Conheça a MP 936/2020, que regula as relações de trabalho durante a pandemia de Covid-19

Publicamos no link abaixo a íntegra da Medida Provisória 936, de 01/04/2020, que institui o Programa Emergencial de Manutenção do Emprego e da Renda. A MP 936 dispõe sobre medidas trabalhistas para enfrentamento do estado de calamidade pública, reconhecido pelo Decreto Legislativo nº 6, de 20/03/2020, e da emergência de saúde pública de importância internacional decorrente do coronavírus (Covid-19), de que trata a Lei nº 13.979, de 06/02/2020.

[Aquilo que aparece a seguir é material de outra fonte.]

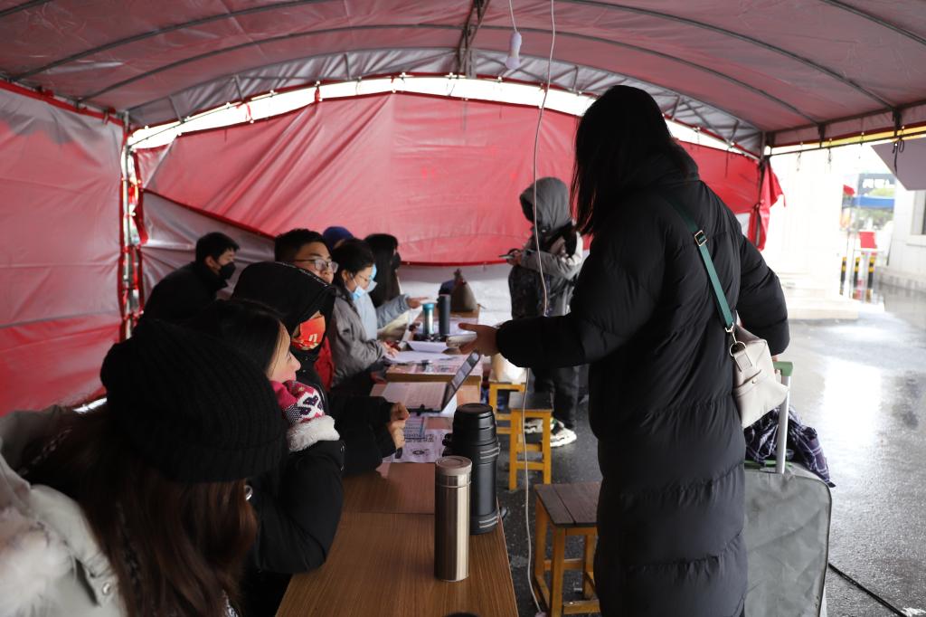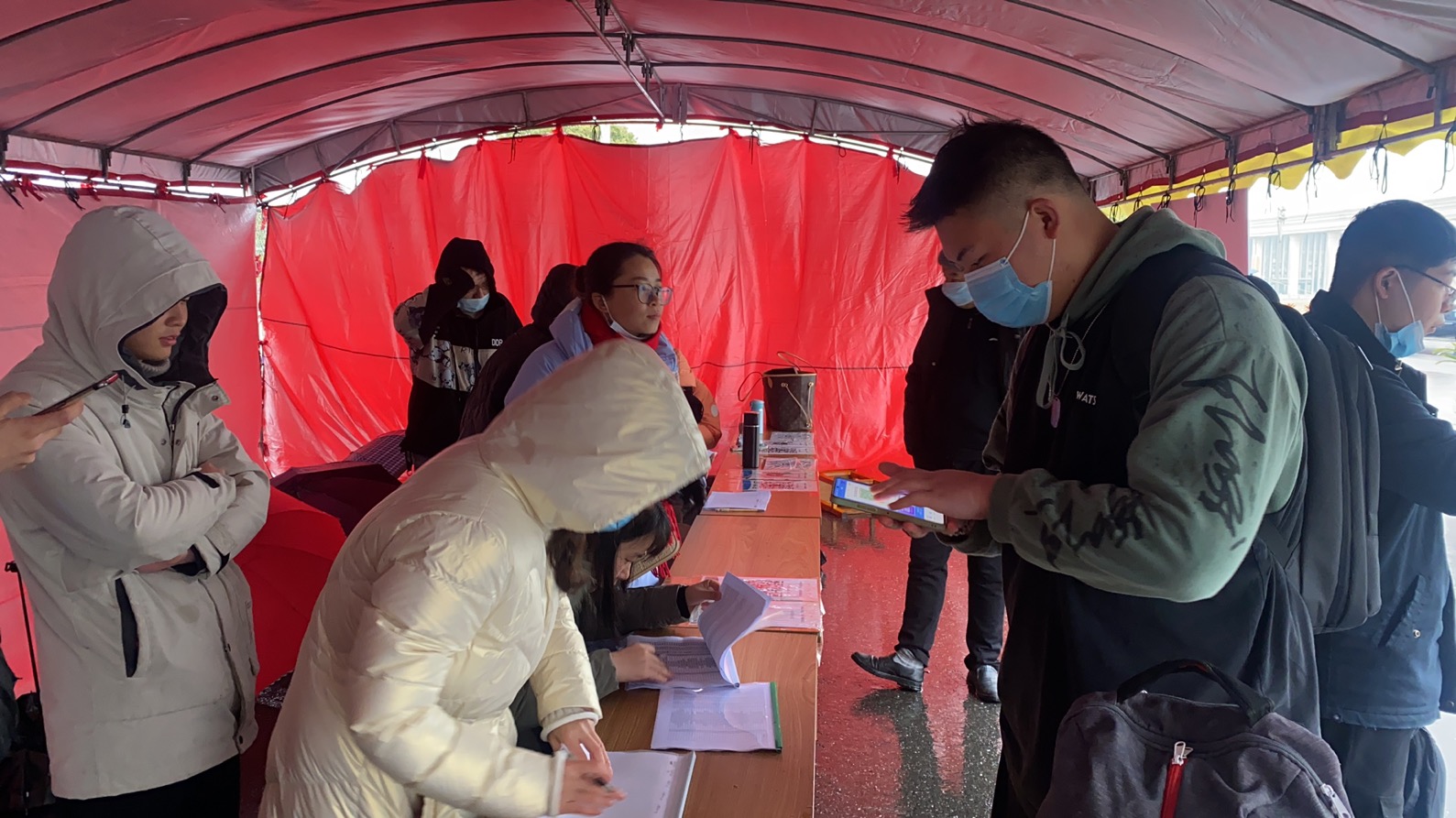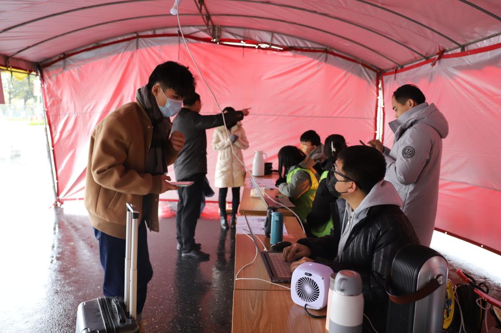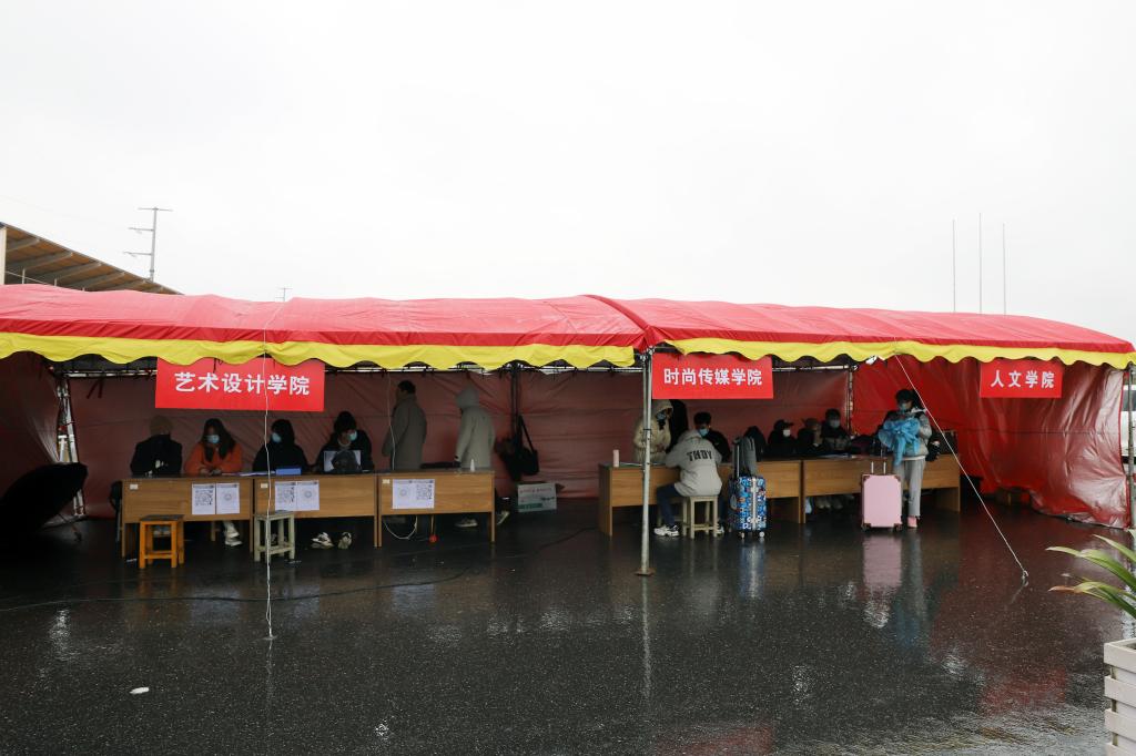 学工人员和志愿者冒着春雨寒风迎接同学们的到来

Os empregadores devem respeitar as normas estabelecidas na MP, que destaca nos artigos 11, 12 e 14 a celebração de acordos ou convenções com o Sindicato da categoria sobre o tema. Os trabalhadores, por sua vez, não devem aceitar, em hipótese alguma, que sejam retirados ou totalmente reduzidos seus salários durante este período de calamidade pública sem que isso esteja dentro da lei e acordado com a participação do SAAERJ.

Veja aqui a MP 936/2020.

Sindicato assina Termo Aditivo para regular teletrabalho, férias e benefícios no Ensino Superior durante Covid-19

O SAAERJ e o SEMERJ (Sindicato das Instituições de Ensino Superior) assinaram um Termo Aditivo à Convenção Coletiva de Trabalho de 2019 para normatizar as relações de trabalho durante a pandemia de Covid-19. O Termo Aditivo tem vigência por 60 dias, desde 1º de março, podendo ser renovado enquanto permanecer o Estado de Calamidade Pública definido na Lei Federal 13.979/20.

O Termo Aditivo trata das relações de trabalho durante a pandemia do Covid-19, a começar pelo “home office” (também conhecido como teletrabalho, trabalho remoto ou à distância). O documento garante a manutenção do tíquete refeição e do vale alimentação, mas suspende o vale transporte para quem estiver integralmente em regime de teletrabalho. Fica suspenso também o pagamento de 50% do 13º Salário por ocasião das férias.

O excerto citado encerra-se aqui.